Accordingly, I dissent in No. 133 and concur in the judgment in No. 534.
 The statute in pertinent part provides:
“Every obscene, lewd, lascivious, indecent, filthy or vile article, matter, thing, device, or substance; and—
“Every written or printed card, letter, circular, book, pamphlet, advertisement, or notice of any kind giving information, directly or indirectly, where, or how, or from whom, or by what means any of such mentioned matters, articles, or things may be obtained or made, or where or by whom any act or operation of any kind for the procuring or producing of abortion will be done or performed, or how or by what means conception may be prevented or abortion produced, whether sealed or unsealed . . . .
“Is declared to be nonmailable matter and shall not be conveyed in the mails or delivered from any post office or by any letter carrier.
“Whoever knowingly uses the mails for the mailing, carriage in the mails, or delivery of anything declared by this section to be nonmailable, or knowingly causes to be delivered by mail according to the direction thereon, or at the place at which it is directed to be delivered by the person to whom it is addressed, or knowingly takes any such thing from the mails for the purpose of circulating or disposing thereof, or of aiding in the circulation or disposition thereof, shall be fined not more than $5,000 or imprisoned not more than five years, or both, for the first such offense, and shall be fined not more than $10,000 or imprisoned not more than ten years, or both, for each such offense thereafter.”

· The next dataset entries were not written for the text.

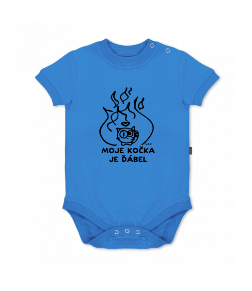 We make sustainable UAX clothing! - hand sewn in the Czech Republic uaxKids uaxAll productsBaby bodyBABY BODY SHORTdesign 1326 - MOJE KOČKA JE ĎÁBELCAPRI BLUE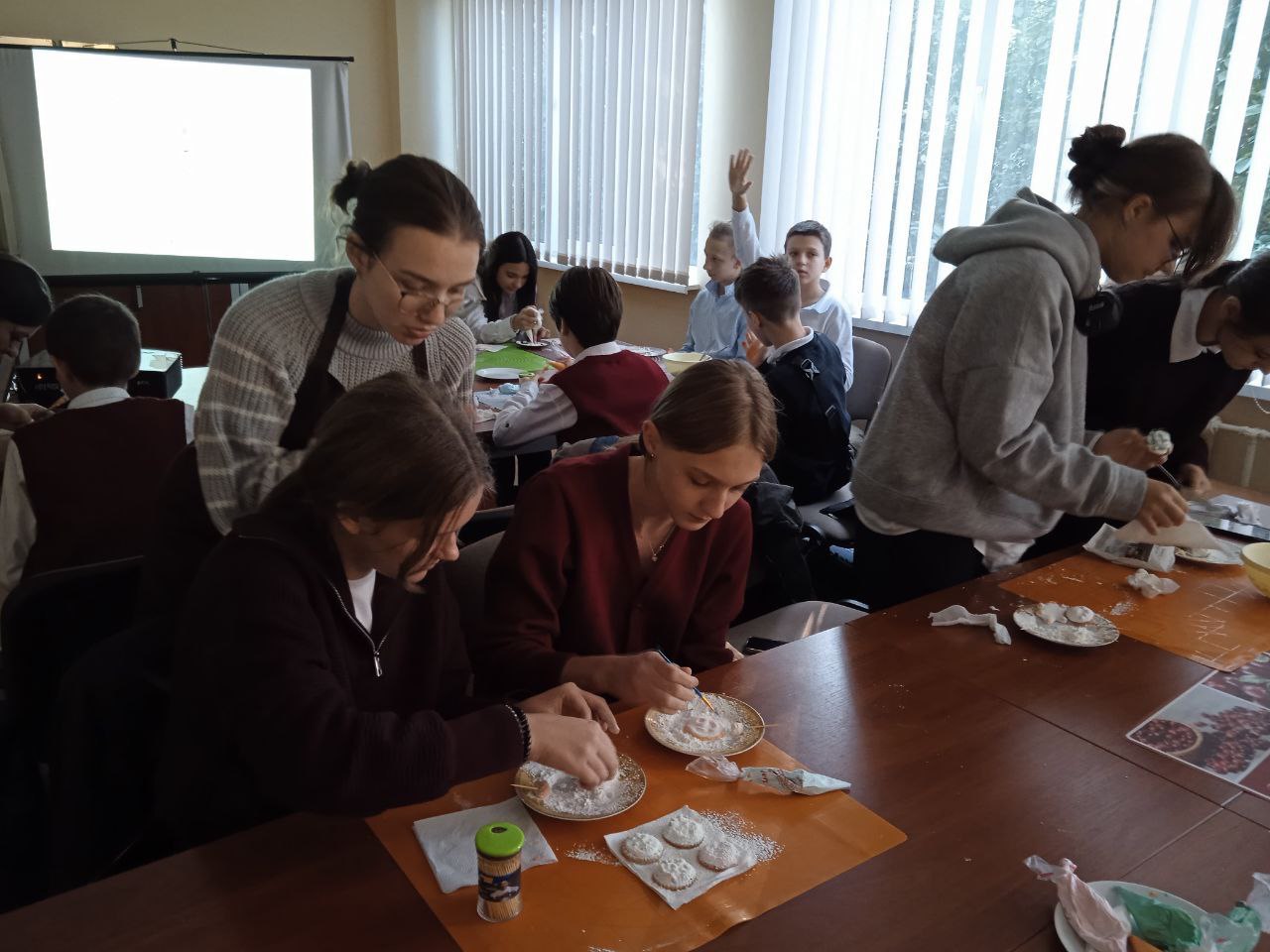 – 17 листопада 2023 р. для учнів 9 класу Одеського ліцею “Приморський” проведено майстер-клас з виготовлення сирцевих пряників з частковою заміною пшеничного борошна на борошно зі спельти з різним видом оздоблення; – 4 грудня 2023 р. відбувся майстер-клас “Солодкі візерунки” по виготовленню здобного печива та його оздоблення для старшокурсників Парламенту Одеської міської ради. На початку зустрічі гості були ознайомлені з теоретичними основами виготовлення випечених та оздоблювальних напівфабрикатів. Потім школярі самостійно виготовляли печиво та декорували його цукровою глазур’ю, а корзинки оздоблювали білковим кремом. – 6 лютого 2024 р. викладачі та здобувачі 4го курсу СВО бакалавр освітньої програми “Технології хліба, кондитерських, макаронних виробів та харчоконцентратів” провели для школярів майстер клас по виготовленню ласощів; – 16 лютого 2024 року проведено майстер-клас для школярів Приморського ліцею, на якому наші гості виготовляли кошики оздоблені білковим кремом, а також прикрашали пряники айсингом; – 7 та 8 березня проведено майстер-класи для школярів ліцею 117, м. Одеса по виготовленню кейк-попсів, трендового десерту у молоді. Під час проведення майстер-класів у школярів була можливість поспілкуватися зі студентами різних курсів ОП «Технології хліба, кондитерських , макаронних виробів та харчоконцентратів» та поставити питання щодо майбутнього навчання. При спілкуванні наші студенти поділилися досвідом навчання та розповіли про дисципліни, які вивчають. – 14 березня 2024 р. проведено майстер-клас для учнів 10-11 класів ліцеїв №15 та № 5 м. Одеси на тему: «Обирай зернові батончики правильно». Учні прийняли участь в аналізі виробництва зернових батончиків та в дегустації зразків для формування споживчого світогляду, визначили якісні та корисні властивості зернових батончиків. Спонсором майстеркласу стала компанія FLАRINO; – 19 березня здобувачі і викладачі кафедри завітали до Одеського ліцею №7. Під час зустрічі був підписаний договір про співпрацю навчальних закладів та проведено майстер-клас для учнів 10-11 класів даного ліцею «Зернові культури України»; – 01 травня 2024 р. напередодні Великодніх свят викладачі кафедри та студенти освітньої програми “Технології хліба, кондитерських, макаронних виробів та харчоконцентратів” Аліна Заплітна, Аміна Абдуллоєва, Тішкевич Олена, Анастасія Шинкарук, Максим Ющин, Світлана Вербицька та Марія Калугіна у рамках наукового гуртка, проєкту Craft Taste Lab провели майстер- клас для учнів ліцею «Надія», на якому виготовляли декор для пасочок – шоколадні гнізда з глазурованими різнокольровою шоколадною глазуррю яйцями, гілочки верби, квіточки та пасхальні кролики з маршмелоу; – 03 червня 2024 р. проведено майстер-клас «Солодкі хмаринки» для учнів Приморського ліцею. Школярі прийняли участь у приготуванні та дегустації власноруч виготовлених виробів з піноподібної маси типу маршмеллоу.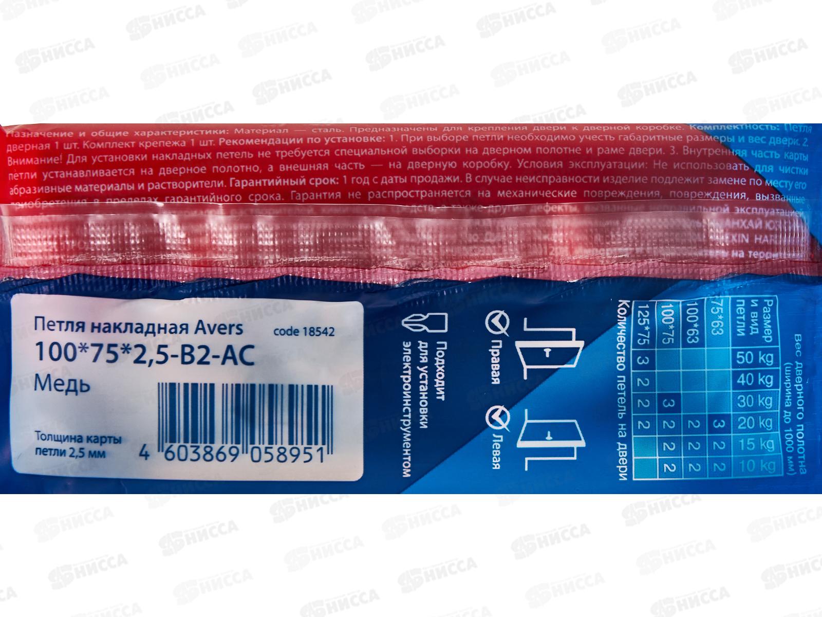 Петля-бабочка 100*75*2,5-B2-AC Avers 313809 Медь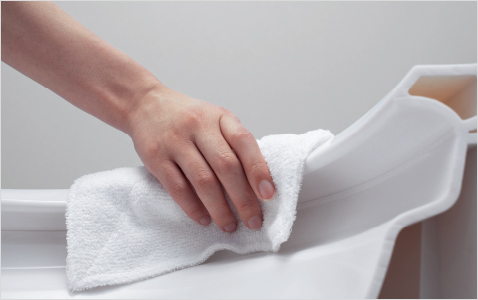 便器のフチを丸ごとなくし、サッとひと拭き、お掃除ラクラクです。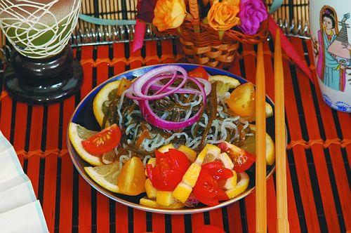 Рисовую лапшу отварить, откинуть на сито, охладить. Лук очистить, вымыть, нарезать кольцами. Помидоры вымыть, нарезать дольками или вырезать из них украшения. Лимон вымыть, нарезать фигурными ломтиками. Баклажаны нарезать соломкой. Смешать морскую капусту, лапшу, лук и баклажаны, заправить соусом, приготовленным из растительного масла и соевого соуса. Разложить салат по тарелкам, украсить ломтиками лимона и помидорами.

 The trial judge did not issue a written opinion but ruled orally from the bench.
 The advertisement was as follows:
“IMPORTED PORNOGRAPHY—learn the true facts before sending money abroad. Send $1.00 for our fully illustrated booklet. You must be 21 years of age and so state. Normax Press, P. O. Box 989, Fontana, California, 92335.”
 Roth v. United States was heard and decided with Alberts v. California, in which the Court upheld the obscenity provisions of the California Penal Code.
[*] Of course, the obscenity vel non of the materials is not presented at this juncture of the case.
[*] Moreover, the items seized in this case were only a component of a product which might ultimately be distributed, and viewing them in isolation is inconsistent with the principle that determinations of obscenity should focus on an entire work, see, e. g., Roth v. United States, 354 U. S. 476, 489 (1957).